:: MATERIAL SHOWN ::
┌──

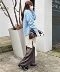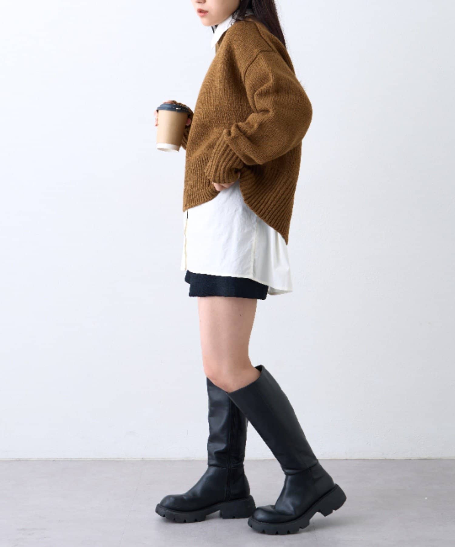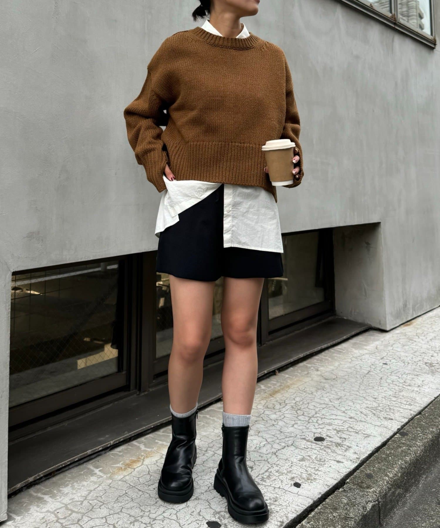 ミニ丈ボトムにロングブーツなどと合わせるとトレンドライクな印象に◎
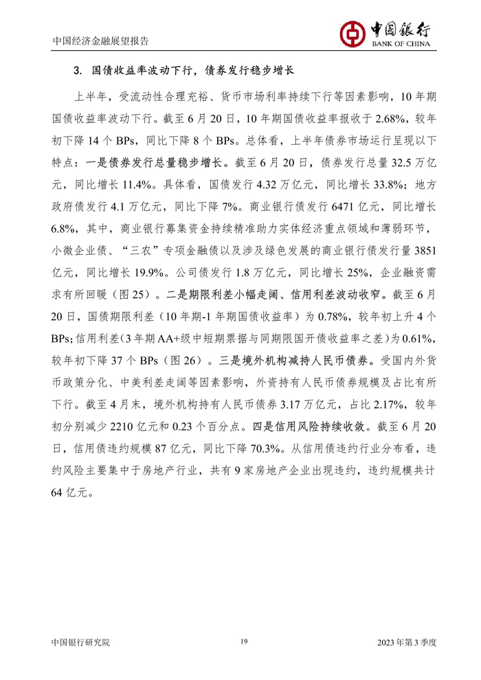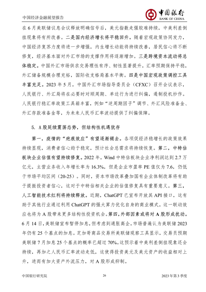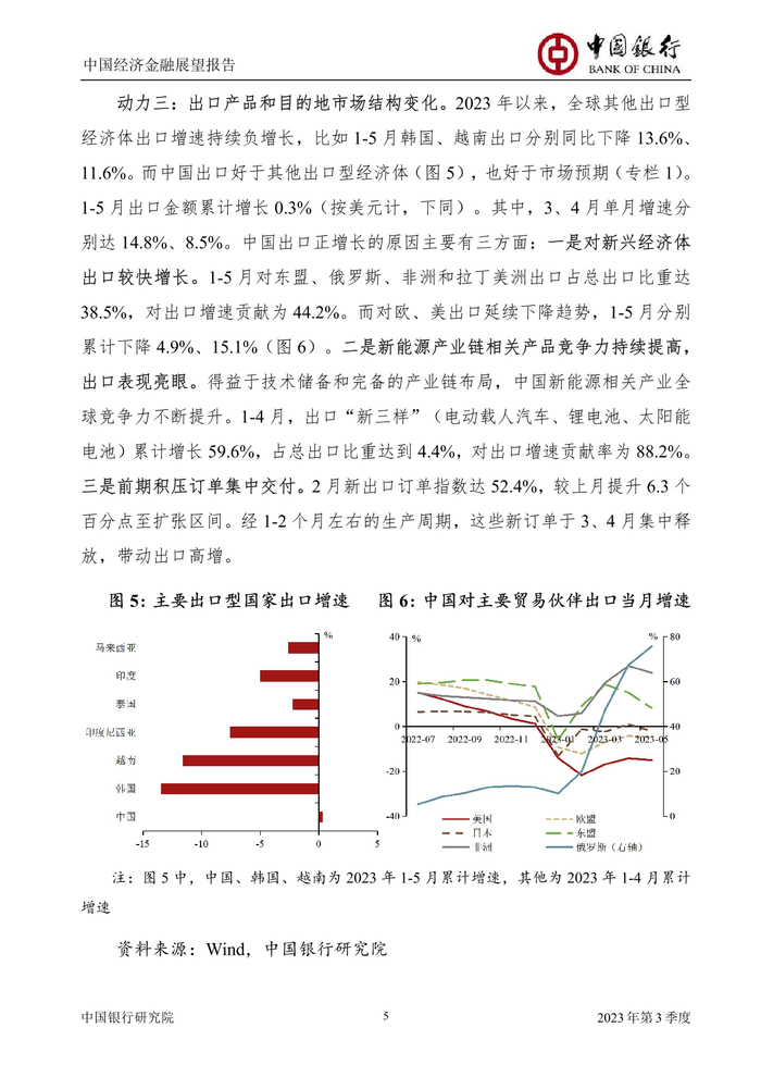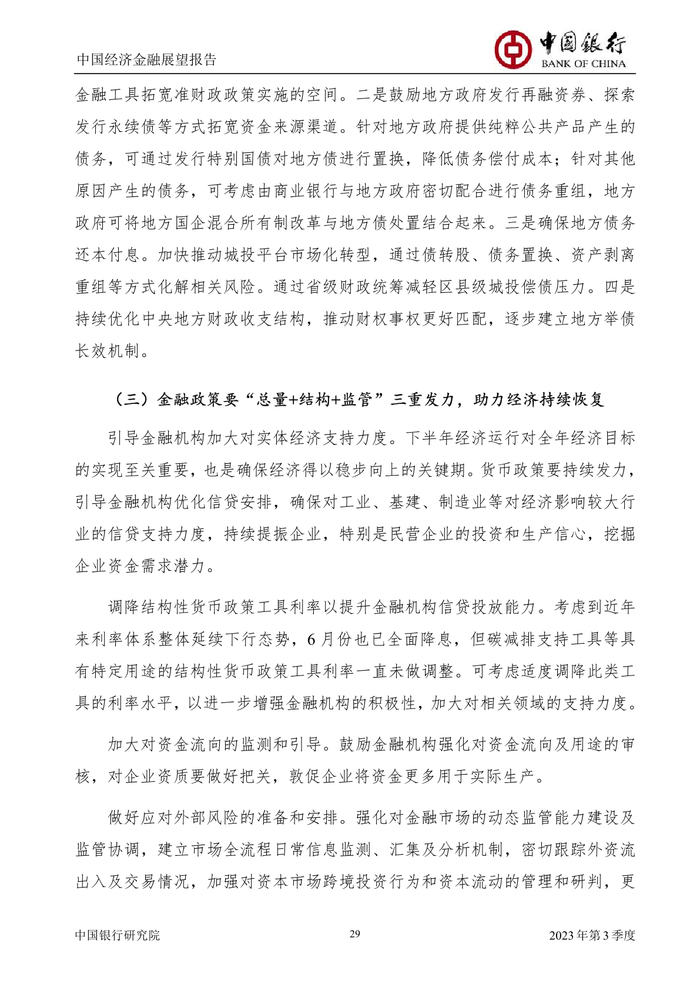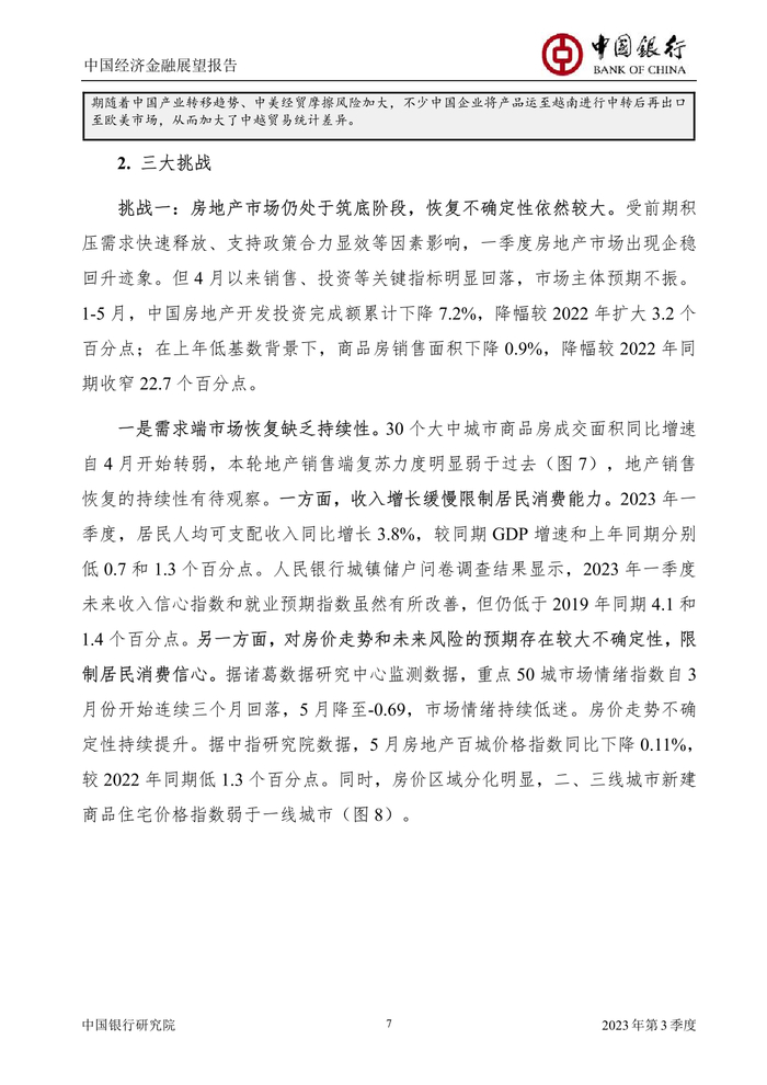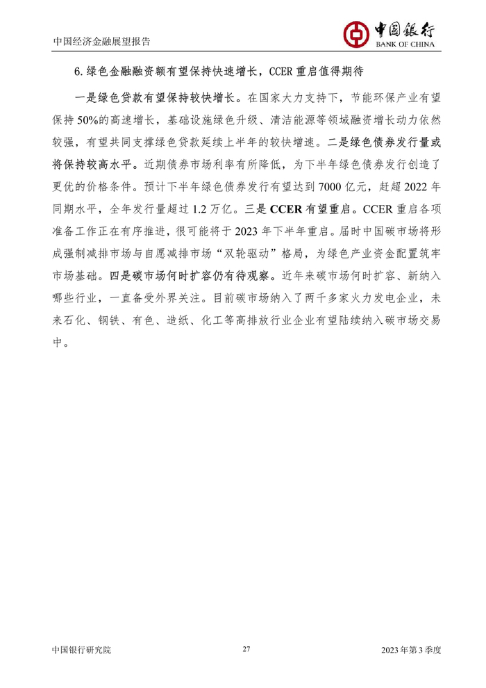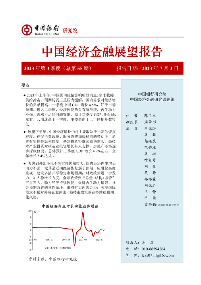 展望下半年,中国经济增长仍将主要取决于内需的恢复 程度。在促消费政策、服务消费加快释放的带动下,消 费有望保持温和修复,基建投资将继续较快增长,高技 术产业投资对制造业投资增长带来支撑,房地产市场逐 步探底修复。总体预计三季度 GDP 增长 4.9%左右,全 年增长 5.4%左右。
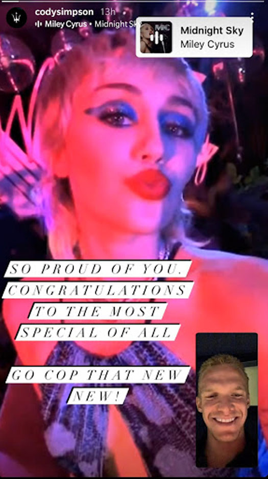 Yesterday, Cody Simpson took to his Instagram after Midnight Sky premiered and with a picture of Miley Cyrus on his Instagram story he wrote “So proud of you”.
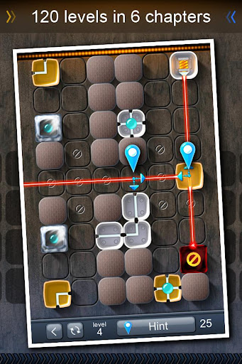 Move elements, activate the lazer receiver, get crystals, reach new chapters and levels!
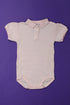 Col plat marguerite, pressions à l'entrejambe, manches resserrées.
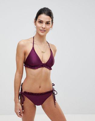 Just add water Plunge neck Triangle cups Ruffle trims Hello, frill seekers Tie closure
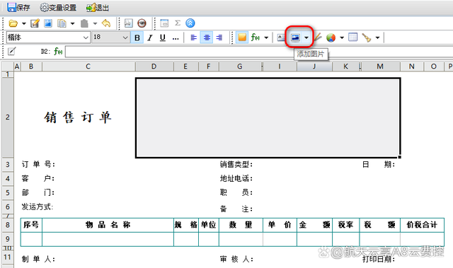 ②,选中“销售订单”旁的单元格,点击工具栏中的“添加图片”
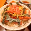 お茶漬け膳 お総菜4種(見切れましたが😅)、お刺身盛合せは中トロ、帆立、サーモン。お茶は緑茶、ほうじ茶、烏龍茶から1種類を選ぶ(私は烏龍茶)。好きずきですが、お茶漬けにはせずに食べました。お総菜は美味しいし、刺身は新鮮でレベルが高く大満足
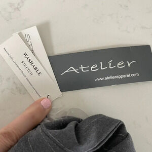 Atelier Straight Leg Poly Viscose Blend Washable Stripped Pants in Grey + White NWT
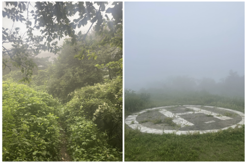 이 계단이 보이신다면 정상에 거의 다다른 것입니다. 저 계단이 끝이 없기는 한데, 계단 코스만 끝나고 한 5분 더 오르면 정상이 나옵니다. 막상 정상에 갔는데 풍경이 전혀 좋지가 않습니다. 그냥 정상석 세워져 있고 끝. 날씨도 썩 좋지 않아서 5분 정도 쉬고 바로 내려왔습니다. 내려올 때는 꼭 터널 입구 쪽으로 내려와야겠다 생각하고 내려와 봤는데, 정말 너무 코스가 좋았습니다. 꼭 터널 입구 쪽 등산로로 가세요!
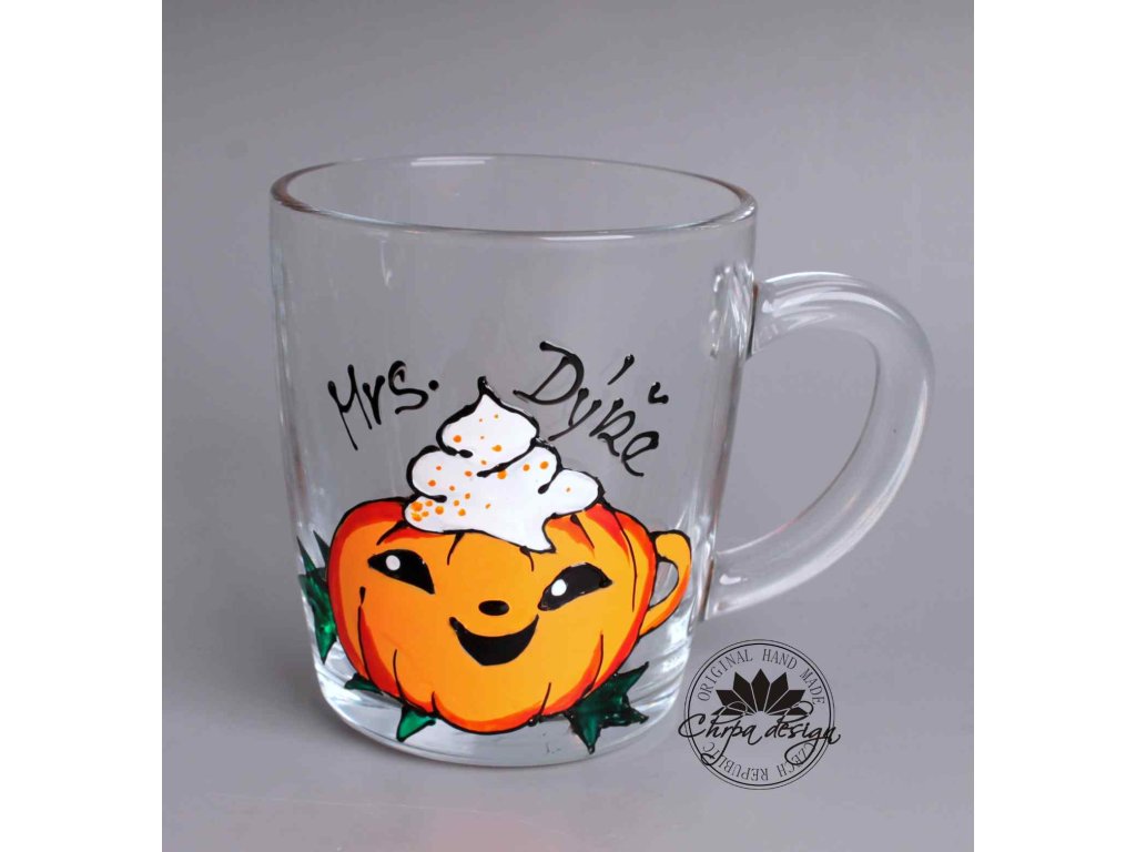 Originální ručně malovaný skleněný hrnek s motivem usměvavé dýně se šlehačkou. Tak akorát pro horkou čokoládu, čaj či spiced latté - to k podzimu vyloženě patří!

└──

:: WHAT TO DO ::
Starting with the line that holds "Col plat marguerite, pressions", transcribe exactly each line through the last one of the material above, and nothing else. Do not include pictures.

:: OUTPUT OF THE EXERCISE ::
 Col plat marguerite, pressions à l'entrejambe, manches resserrées.
 Just add water Plunge neck Triangle cups Ruffle trims Hello, frill seekers Tie closure
 ②,选中“销售订单”旁的单元格,点击工具栏中的“添加图片”
 お茶漬け膳 お総菜4種(見切れましたが😅)、お刺身盛合せは中トロ、帆立、サーモン。お茶は緑茶、ほうじ茶、烏龍茶から1種類を選ぶ(私は烏龍茶)。好きずきですが、お茶漬けにはせずに食べました。お総菜は美味しいし、刺身は新鮮でレベルが高く大満足
 Atelier Straight Leg Poly Viscose Blend Washable Stripped Pants in Grey + White NWT
 이 계단이 보이신다면 정상에 거의 다다른 것입니다. 저 계단이 끝이 없기는 한데, 계단 코스만 끝나고 한 5분 더 오르면 정상이 나옵니다. 막상 정상에 갔는데 풍경이 전혀 좋지가 않습니다. 그냥 정상석 세워져 있고 끝. 날씨도 썩 좋지 않아서 5분 정도 쉬고 바로 내려왔습니다. 내려올 때는 꼭 터널 입구 쪽으로 내려와야겠다 생각하고 내려와 봤는데, 정말 너무 코스가 좋았습니다. 꼭 터널 입구 쪽 등산로로 가세요!
 Originální ručně malovaný skleněný hrnek s motivem usměvavé dýně se šlehačkou. Tak akorát pro horkou čokoládu, čaj či spiced latté - to k podzimu vyloženě patří!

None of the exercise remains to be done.